You got the rejection email. "We went with another candidate." "We'll keep your details on file." Two sentences. No explanation. The interviewer knows exactly why you didn't get the job — and you'll never hear it.

Companies don't give honest interview feedback because their legal teams won't let them. One specific comment, taken the wrong way, is a discrimination claim. So you get nothing. And you're left trying to figure out what to fix before the next one.

Here are the eight most common real reasons candidates fail interviews. Not the polished version — the actual notes interviewers write down.

1. Your answers lacked structure

Interviewers evaluate dozens of candidates.

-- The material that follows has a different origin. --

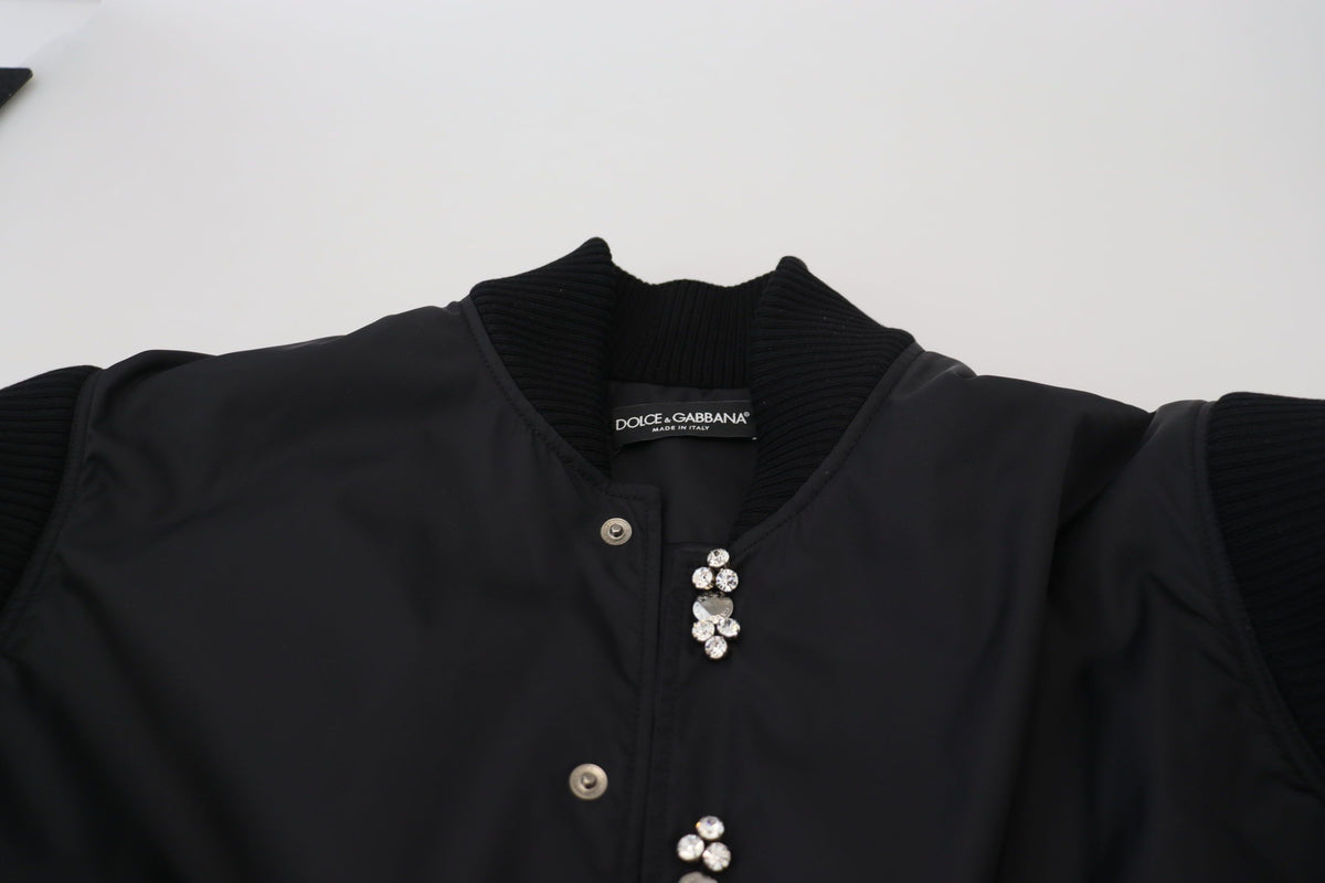 Absolutely stunning, 100% Authentic, brand new with tags Dolce & Gabbana Black nylon bomber jacket with crystal embellished. Features long sleeves. Ribbed bottom hem and cuffs.

Answers that ramble — that jump to the outcome, come back to explain the context, then introduce characters who weren't mentioned before — are exhausting to score and impossible to remember.

Most companies use a structured framework to evaluate answers (STAR is the most common: Situation, Task, Action, Result). An answer that can't be cleanly mapped to that framework scores low by default, even if the underlying experience was strong.

What the interviewer wrote "Hard to follow. Couldn't extract a clear example. Unclear what their actual contribution was."

The fix is mechanical: know the format before you walk in. Not so you sound robotic, but so every answer has a beginning, a middle, and a measurable end.

2. You didn't connect your experience to the role

Job descriptions are not wishlists. The three to five requirements listed at the top are the things the hiring manager is genuinely worried they won't find. Every answer you gave was being silently checked against that list.

If you didn't explicitly connect your experience to those specific requirements — using the same language — they assume you don't have it. The candidate who got the offer probably said the words from the job description out loud.

You had the experience. You just never made the connection clear enough for them to score it.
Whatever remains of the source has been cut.